The best ways to ensure multicast runs smoothly are:

  • Turn off storm control to the nodes. Often the connections on the cluster will look like a denial of service attack, so storm control may stop these connections. Check dmesg or /var/log/messages to identify if something specific is showing up as the cause of the error.

  • In order to ensure group membership you should do ONE of the following:

    • Turn off IGMP snooping on the cluster vlan.
    • Turn on IGMP snooping AND turn on the querier (create a multicast router).
  • Identify if there are any hops occuring in the packets sent between the nodes in the cluster. You can verify it by using the traceroute command. If you identify that there are multiple hops between nodes, you can attempt to increase the mcast-ttl configuration to 2 or 3 on Aerospike configuration as a workaround.
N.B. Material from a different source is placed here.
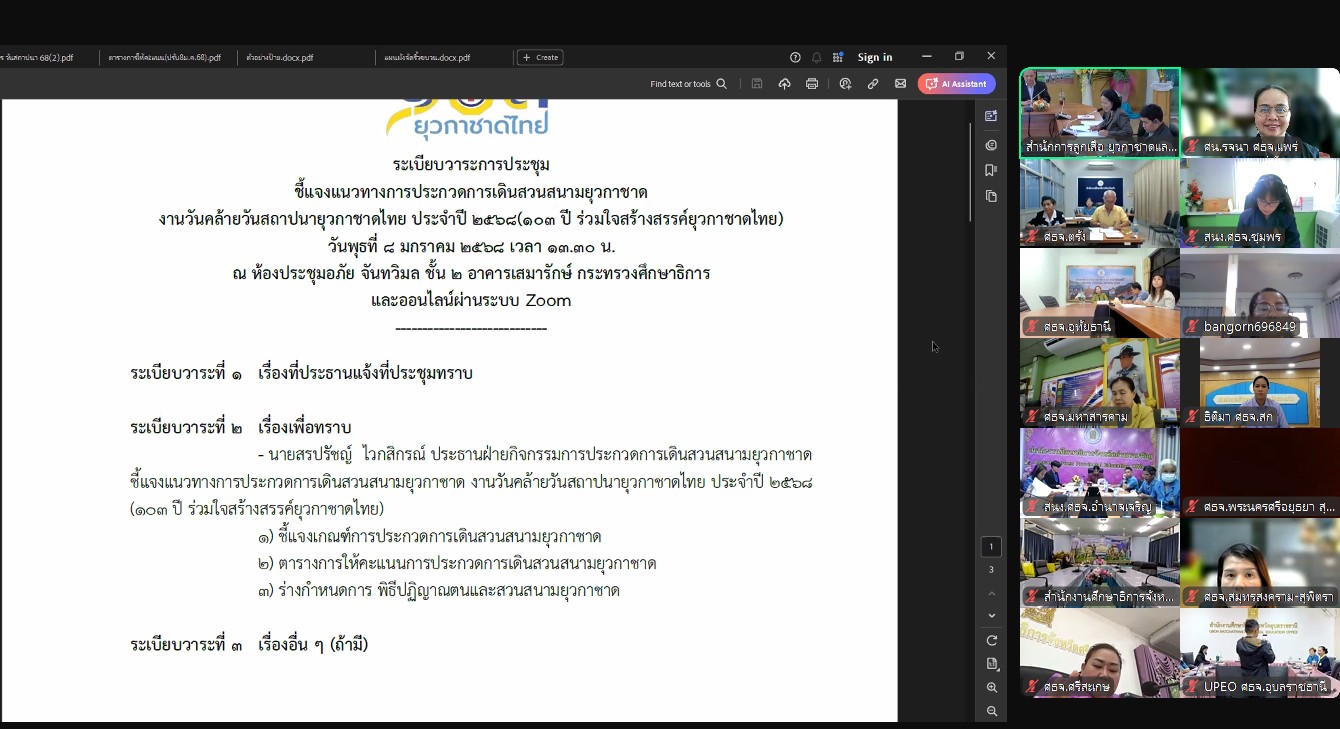 วันที่ 8 มกราคม 2568 เวลา 13.30 น. นายสุทิน จันทรวรเชตต์ ศึกษาธิการจังหวัดแพร่ มอบหมายให้นางรจนา กาแก้ว ผู้อำนวยการกลุ่มลูกเสือ ยุวกาชาดและกิจการนักเรียน พร้อมด้วยบุคลากรกลุ่มลูกเสือ ยุวกาชาดและกิจการนักเรียน เข้าร่วมประชุมชี้แจงแนวทางการประกวดการเดินสวนสนามยุวกาชาด งานวันคล้ายวันสถาปนายุวกาชาดไทย ประจำปี 2568 (103 ปี ร่วมใจสร้างสรรค์ยุวกาชาดไทย) โดยมี ดร.อำนาจ สายฉลาด ผู้อำนวยการสำนักการลูกเสือ ยุวกาชาดและกิจการนักเรียน เป็นประธานการประชุมฯ ผ่านระบบ Zoom Meeting

  • We recommend using a very simple multicast test tool called open-mtools, made available by Google Code without restriction. Download and run the mtools (Note: mtools will not work properly in VM environments).

Install mtools on both the sending and receiving machines:

$ wget https://storage.googleapis.com/google-code-archive-downloads/v2/code.google.com/open-mtools/mtools.1.0.zip
$ unzip mtools.1.0.zip
$ cd mtools
$ gcc mdump.c -o mdump; gcc msend.c -o msend

Run the following mdump on the receiving machines first:

$./mdump -Q2 -v 239.1.1.1 2345 <interface ip>

Run the msend command on a machine that will be broadcasting:

$ ./msend -m 100 -b 300 -n 600 -s 10 239.1.1.1 2345 <ttl> <interface IP>
Equiv cmd line: msend -b300 -m100 -n600 -p1000 -s10 -S65536 239.1.1.1 2345
Sending 600 bursts of 300 100-byte messages
Sending burst of 300 msgs
Sending burst of 300 msgs
Sending burst of 300 msgs
Sending burst of 300 msgs
Sending burst of 300 msgs
...
Pausing before sending 'stat
Sending stat
180000 messages sent (not including 'stat')

This will send 600 bursts of 300 100-byte messages on address 239.1.1.1 on port 2345. Aerospike is currently configured for a different address, but this test succeeding will show that multicast functionality is working.

See if a machine is receiving:

$ ./mdump -Q2 -s -v 239.1.1.1 2345
Equiv cmd line: mdump -p0 -Q2 -r4194304 -v 239.1.1.1 2345
WARNING: tried to set SO_RCVBUF to 4194304, only got 262142
echo sender equiv cmd: msend -b300 -m100 -n5 -p1000 -s10 -S65536 239.1.1.1 2345
180000 msgs sent, 180000 received (not including 'stat')
0.000000% loss

The normal test scenario would be to run msend from one machine and mdump on the rest of machines. You can change the parameter of -b to send more packets in one burst. mdump will print summary as follows which tells what is the %loss.

Verify multicast by testing sending and receiving on all nodes.

A reasonable validation scenario for four servers might be as follows:

  • Run with node 01 as sender and nodes 02, 03, 04 as receivers and verified that the bytes are received fine.
  • Repeating the test thrice each time using a different node as sender and the rest of the nodes as receivers and verified success.

These tests are recommended when a new cluster is setup or when a brand new machine is added or when a server moves within the datacenter or when network configuration changes.